The impact of IFFs on Africa’s development is devastating. IFFs deprive African governments of much-needed revenues to invest in public services, infrastructure, education, health, and social protection. IFFs also undermine the rule of law, governance, and democracy, as they create incentives for corruption and violence. IFFs also distort the structure and composition of African economies, as they favor sectors that are easy to conceal and transfer, such as extractive industries, over sectors that are more productive and inclusive, such as manufacturing and agriculture.

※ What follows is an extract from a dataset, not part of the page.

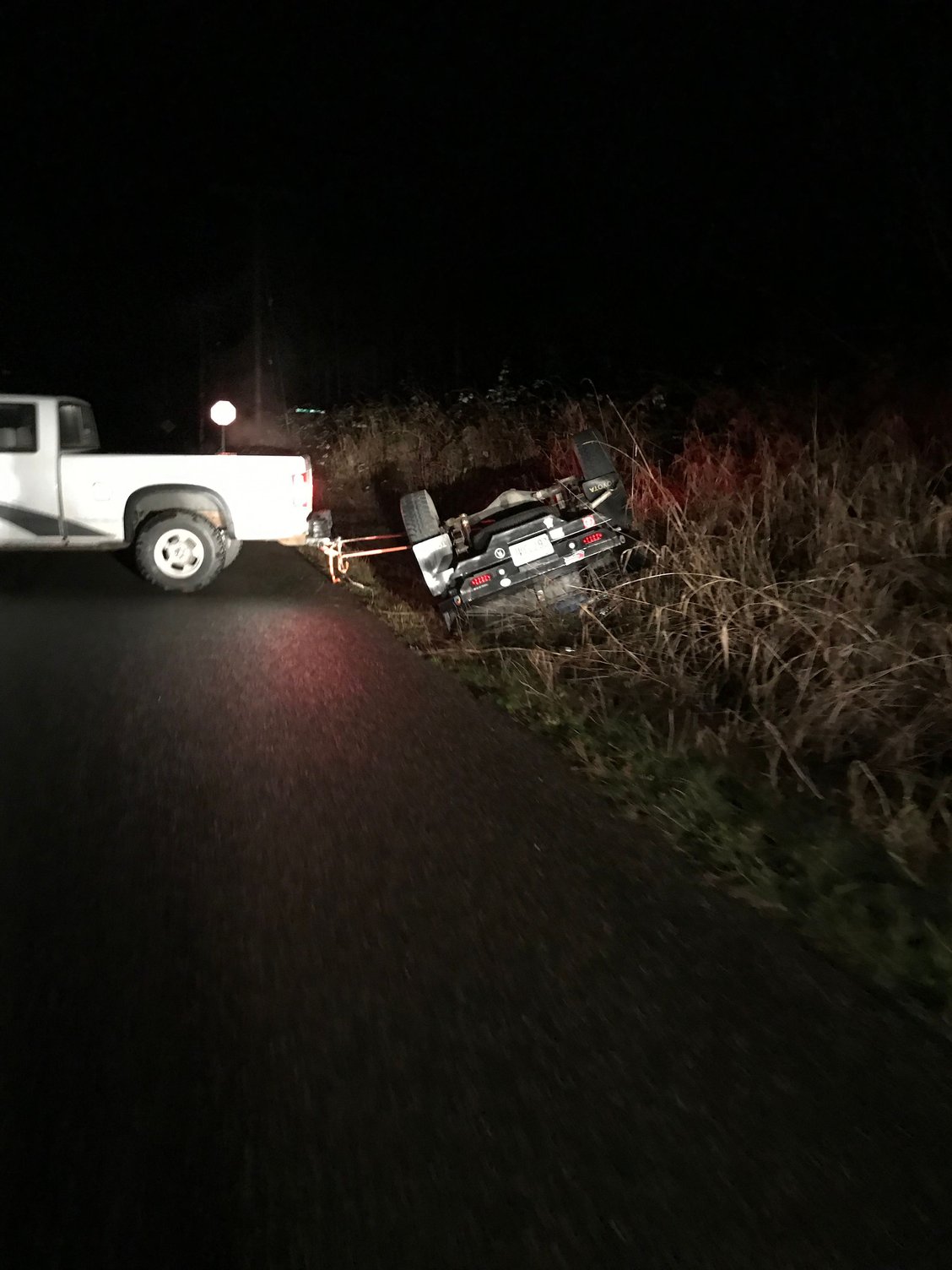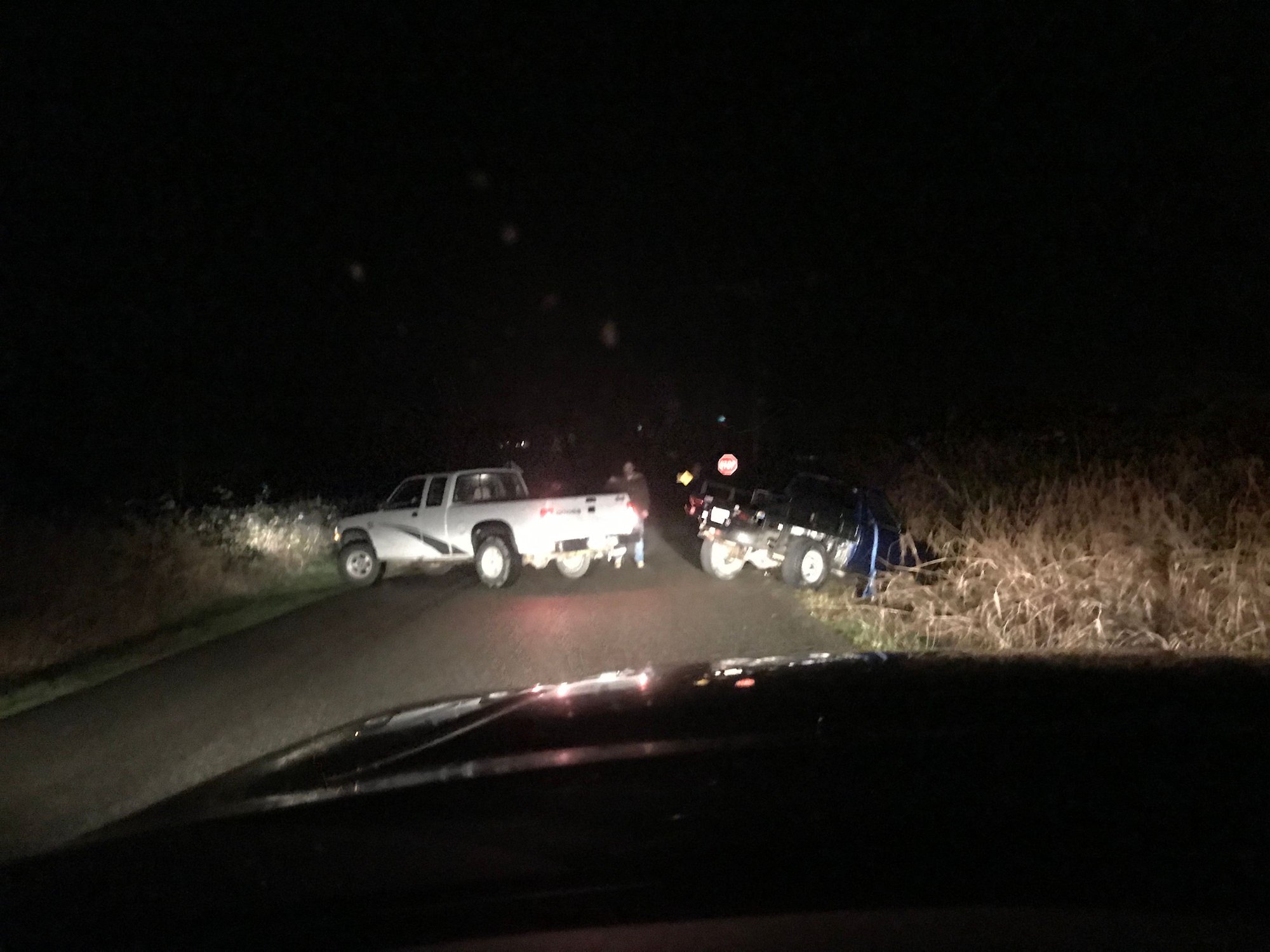 Well, I messed up. It was wet, I'd been drinking. I fishtailed around that corner, over corrected, caught the ditch with the driver corner of my truck and flipped straight over and landed in a flooded ditch. I couldn't get the doors open because I was pinched in the ditch and the cab was flooding fast, so I broke the driver door window and crawled out through the bushes. On the plus side we got to watch lots of fireworks while flipping the truck back over. but we wrecked the passenger side doing it. That glass is broken now too.
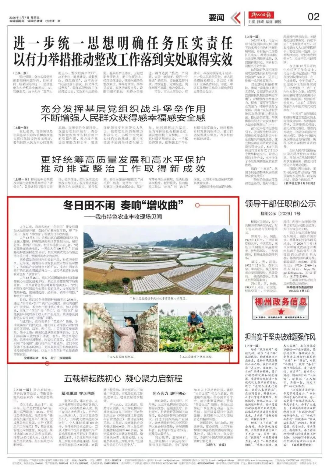 柳江区改革创新活力持续迸发,备受各级媒体广泛关注。人民网、中国新闻网、广西云、南国今报APP、《柳州日报》《柳州新闻》、柳州1号APP等媒体平台集中关注、立体呈现,营造出昂扬奋进的舆论声势。报道内容围绕特色产业升级、科技赋能农业、重点项目推进、文旅融合发展等维度,全方位展现柳江筑牢产业根基、强化创新驱动、提升民生品质的坚实步伐,凝聚起推进高质量跨越式发展的强劲动能。相关重点稿件,让我们一同回顾。

IFFs also affect African economies in various ways. For instance:

IFFs reduce the domestic savings and investment rates, which are essential for economic growth and diversification. IFFs increase the dependence on external financing, which exposes African countries to external shocks and debt crises. IFFs erode the tax base and distort the allocation of public resources, which affects the quality and quantity of public goods and services. IFFs create an unfair competition between formal and informal sectors, which discourages innovation and entrepreneurship. IFFs encourage capital flight and brain drain, which deprives African countries of human and financial capital.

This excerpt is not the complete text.